Network speed and latency.

You need to especially examine latency over a Wide Area Network (WAN). Latency can significantly increase retrieval times for large amounts of data.
The complexity of the Portal Desktop.
The browser’s connection speed.

For example, a response time delay is longer with a connection speed of 33.6 kilobytes per second than with a LAN connection speed. However, processing time should remain constant. Transaction time through a dial-up connection should be faster than transaction time displayed by a load generation tool because it performs data compression.

When you calculate transaction time, size your Portal Server so that processing time under regular or peak load conditions does not exceed your performance requirement threshold and so that you can sustain processing time over time.

Workload Conditions

Workload conditions are the most predominantly used system and JVM software resources on a system. These conditions largely depend on user behavior and the type of portal you deploy.

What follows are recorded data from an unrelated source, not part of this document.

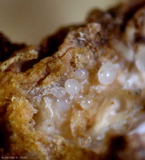 Une coupe transversale des galles permet de mettre en évidence les femelles matures (figure 6), confirmant ainsi le parasitisme de ces nématodes.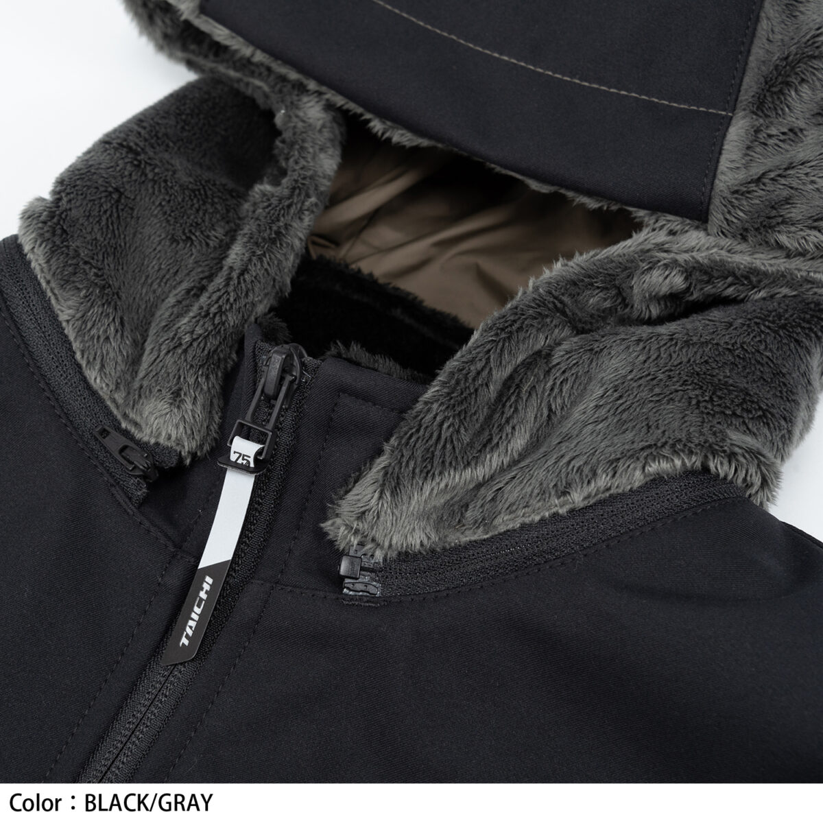 保温性に優れ、着心地のやわらかさが特徴的なフリースタイプの電熱インナーパーカ。休憩時、ライディングジャケットを脱いだ後も普段着のような感覚でカジュアルに着こなせる。カーボンファイバー発熱ユニットは、バイクの乗車姿勢において密着する両肩と背中に配置している。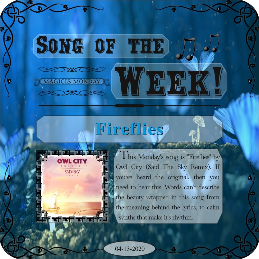 This Monday’s song is “Fireflies” by Owl City (Said The Sky Remix). If you’ve heard the original, then you need to hear this. Words can’t describe the beauty wrapped in this song from the meaning behind the lyrics, to calm synths that make it’s rhythm.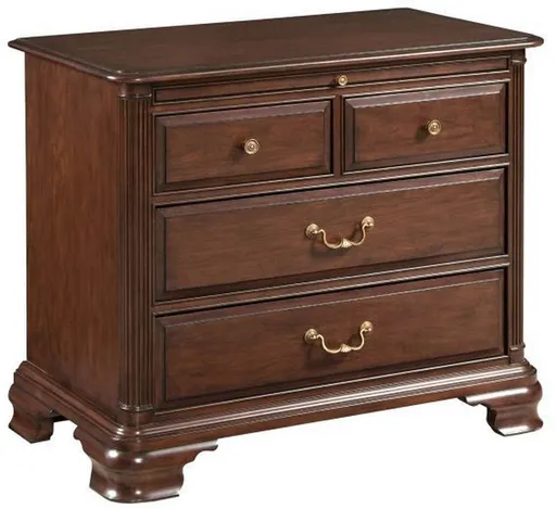 A classic, solid cherry bedside piece in a master bedroom scale. The Hadleigh bachelor's chest is designed in a larger format bringing the total storage to four drawers for increased organization. It also adds space for a pull-out tray which features a laminated surface for hot or cold beverages.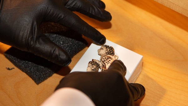 وبحسب ما نشره المكتب الفدرالي فأن القطعة العاجية تُظهر مجسماً لأبو الهول، وهي مزينة، وقد تم عرضها في متحف كارلوس في جامعة إيموري في أتلانتا.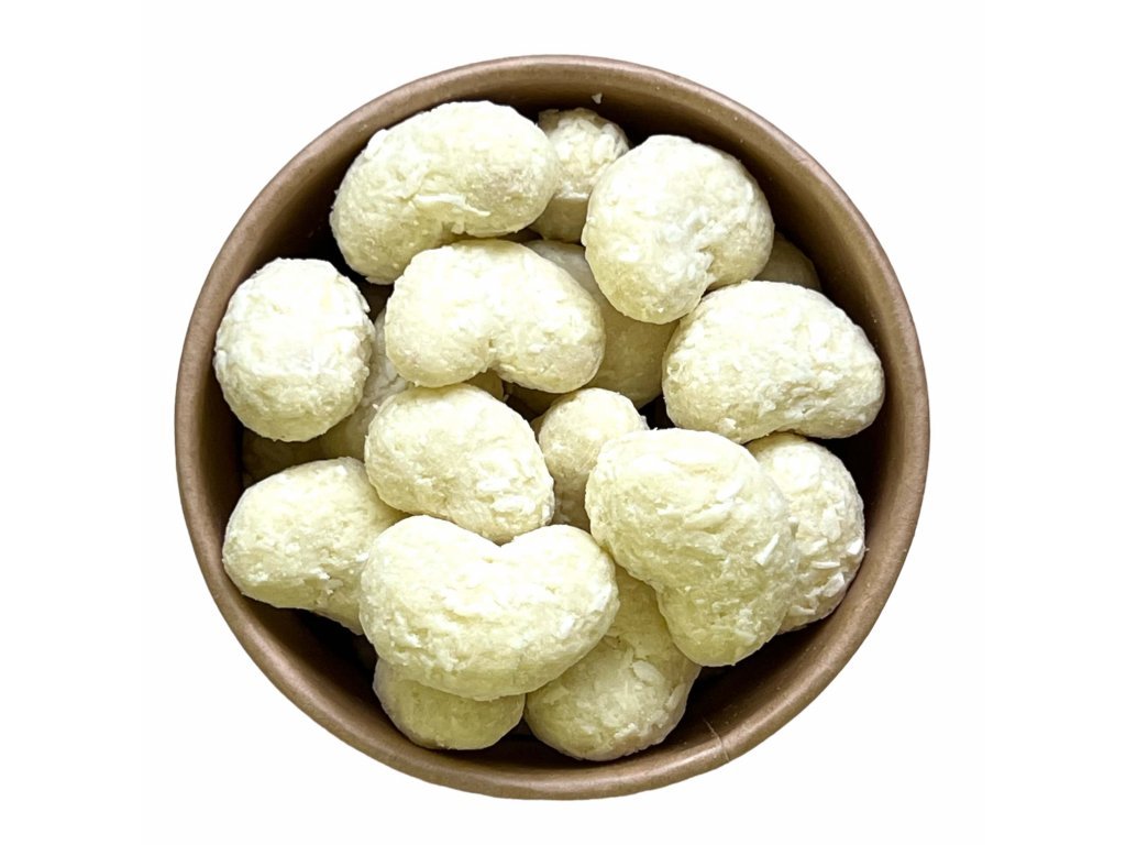 Vychutnajte si nezabudnuteľnú chuť našich kešu orieškov v jemnej bielej čokoláde s osviežujúcim kokosom. Dokonalá kombinácia, ktorá očarí vaše chuťové bunky.

The most commonly encountered workload conditions on Portal Server software affect:

System performance

Portal Server performance is impacted when a large number of concurrent requests are handled (such as a high activity profile). For example, during peak hours in a business-to-enterprise portal, a significant number of company employees connect to the portal at the same time. Such a scenario creates a CPU-intensive workload. In addition, the ratio of concurrent users to connected users is high.
System capacity

Portal Server capacity begins to be impacted when large numbers of users log in. As more users login, users use more of the available memory, and subsequently, less memory is available to process requests made to the server. For example, in a business-to-consumer web portal, a large number of logged-in users are redirected to external web sites once the initial Portal Desktop display is loaded. However, as more users continue to login, users create the need for more memory, even though the ratio of users submitting requests to Portal Server and the users merely logged-in is low.

Depending on the user’s behavior at certain times of the day, week, or month, Portal Server can switch between CPU-intensive and memory-intensive workloads. The portal site administrator must determine the most important workload conditions to size and tune the site to meet the enterprise’s business goals.